I once saw a tabletop RPG floating around. It had an absolutely fascinating set of conflict resolution rules. The game was meant to be played in person, and each conflict resolution method was handled by testing some form of the player's skill.For example, in order to succeed at a certain kind of task, a player had to draw a near-perfect circle within a specific number of seconds, depending on the in-game task difficulty. To succeed at another kind of (presumably magical?) task, a player had to recite X number of names from the Ars Goetia, with a repeated or incorrect name causing instant disqualification. There were dozens of these mini-games for virtually all tasks imaginable.Sadly, I cannot find the game any more. Is anyone familiar with this?
>>94846663While that sounds fun in theory, it practice I imagine that it makes it easy for munchkins to munchkin.
>>94846663No idea about that game specifically but I remember a nusr trapped chest disarming that was >take a simple maze and hand it out to player>players has X seconds to complete maze without touching the walls of the mazewhich seemed fun once or twice.

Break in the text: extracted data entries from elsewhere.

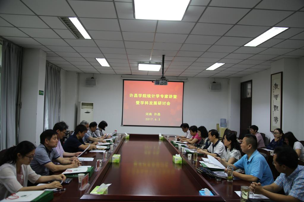 6月3日,我校在办公楼第一会议室举行“统计学专家讲堂”暨“学科发展研讨会”。北京大学艾明要、广州大学张崇岐、华东师范大学张应山、上海师范大学岳荣先、国防科技大学段晓君、河南师范大学庞善起等多名专家教授应邀出席,我校学科建设办公室、数学与统计学院等单位负责人及相关教师参加了本次讲堂和研讨会。
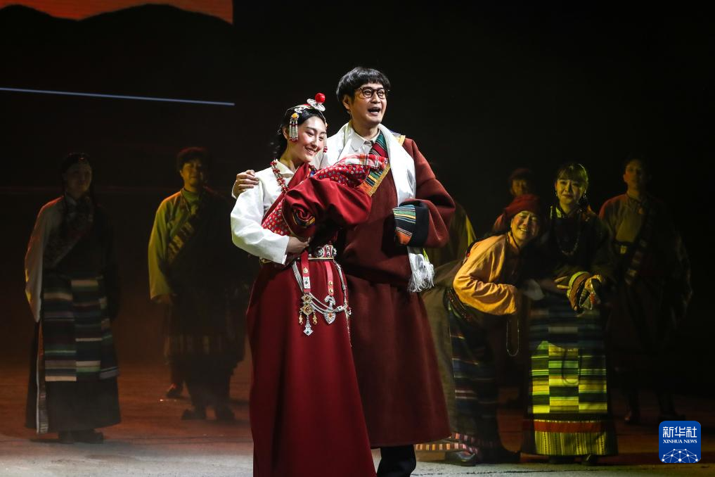 1月28日晚,在甘肅黃河劇院,甘肅省話劇院演員在話劇《青青的阿萬倉》中表演。新華社記者 郎兵兵 攝
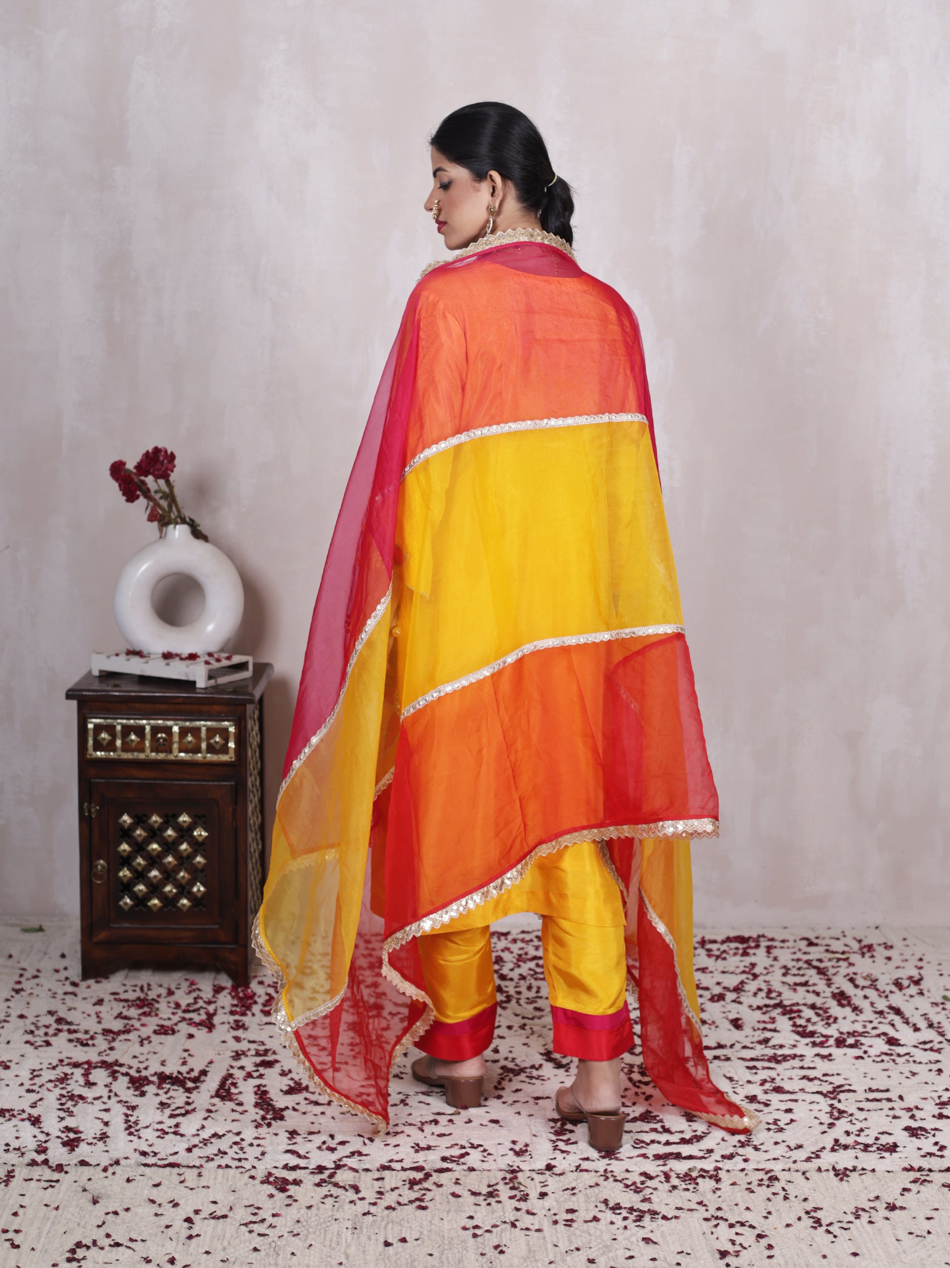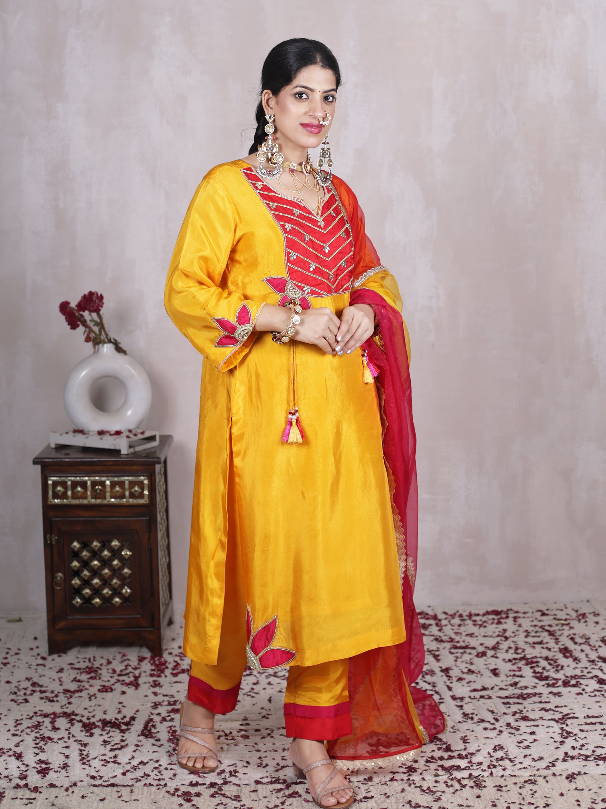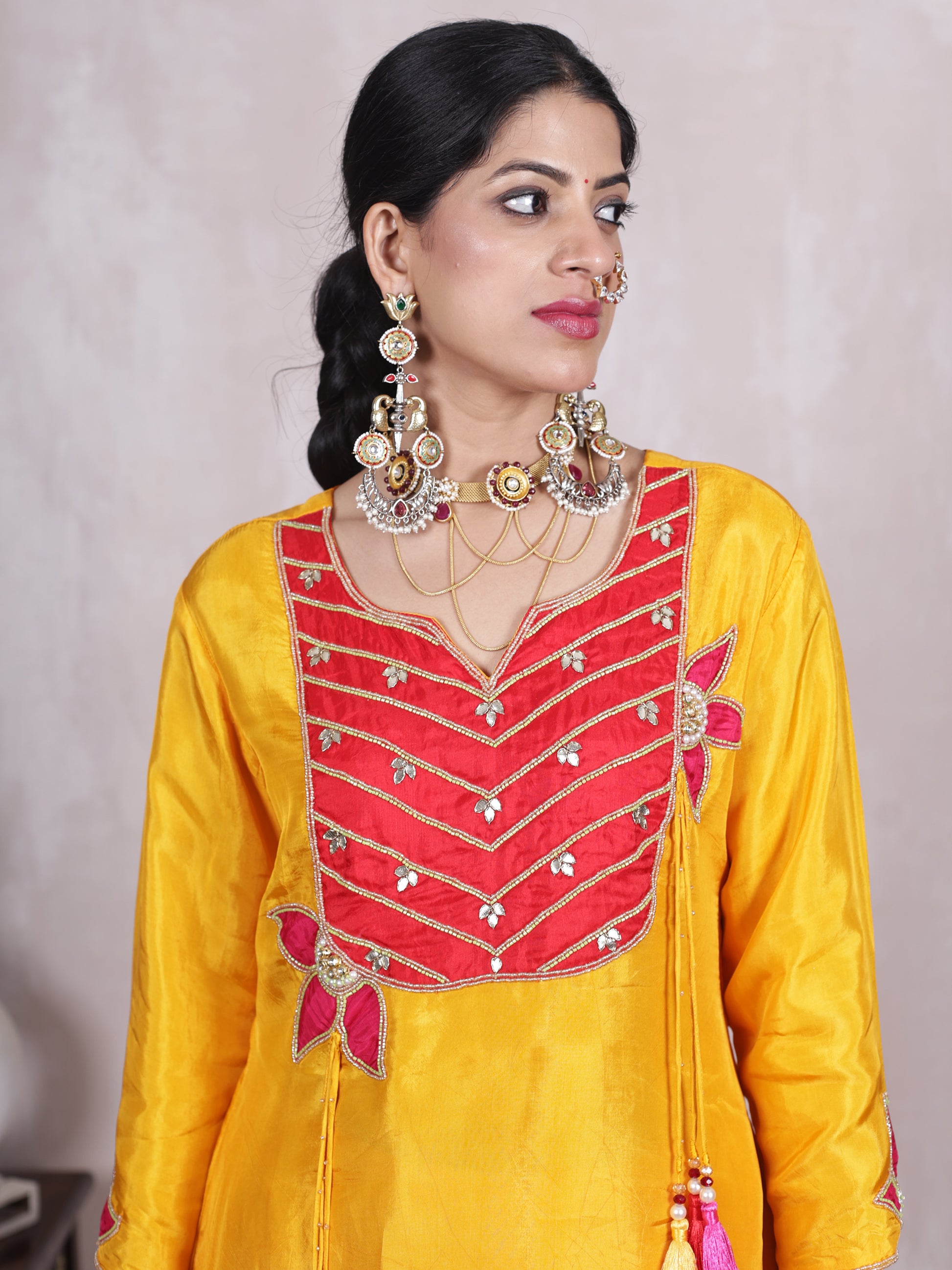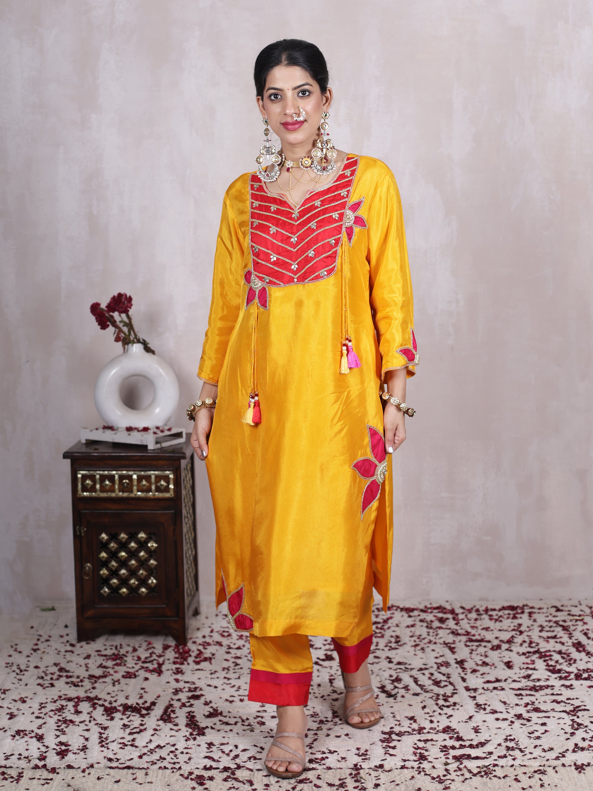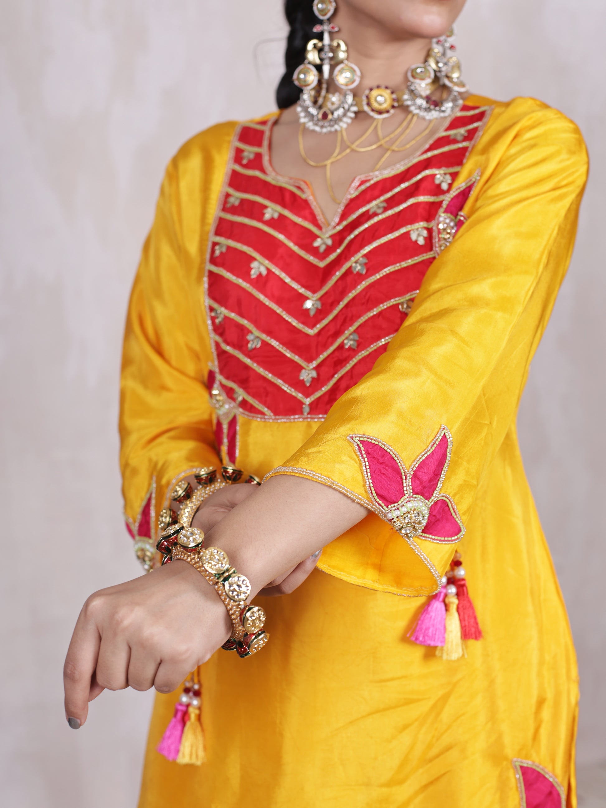 Tarangini Deep Yellow Hand Embroidered Silk Suit
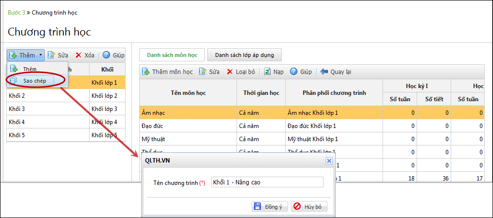 5. Chọn chương trình học trên danh sách, sau đó nhấn Thêm\Sao chép.
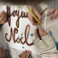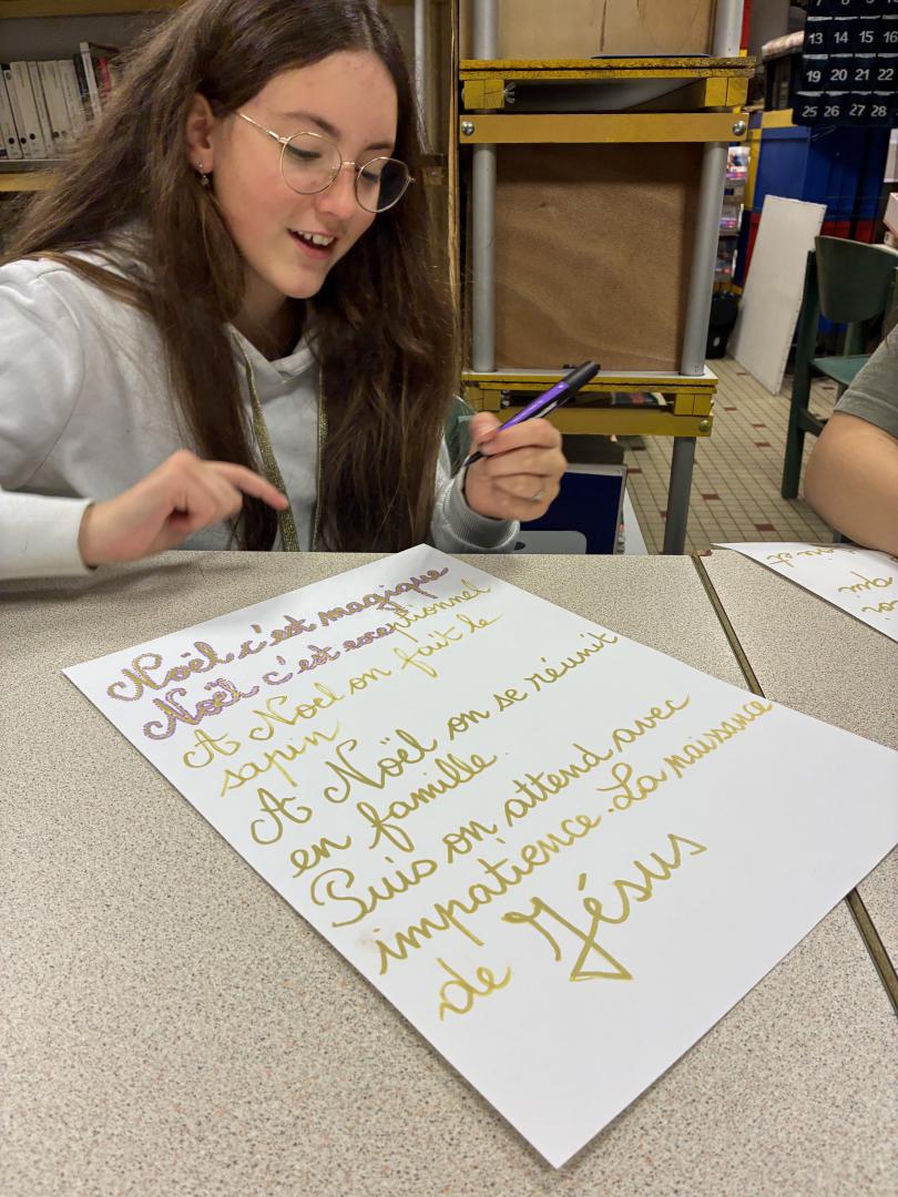 Un magnifique panneau, enluminé avec soin par les élèves pendant les heures de récréation, a ajouté une touche festive et colorée à notre espace. C’était un vrai plaisir de voir tout le monde participer avec enthousiasme !

Was considering taking Star Battle and having it be a group puzzle to unlock a door or something similar in an ancient elven empire dungeon, might draw it out and have the players use their PCs and retainers as chess pieces, each misplacement causes damage. Not a thing I'd want to do much but good for a novelty.
>>94846663Only physical skill conflict resolution system I can remember was Dread's jenga tower. I doubt that's what you're looking for, but it might put you on the right track.
>>94846663>picIs that supposed to be the Demon Core?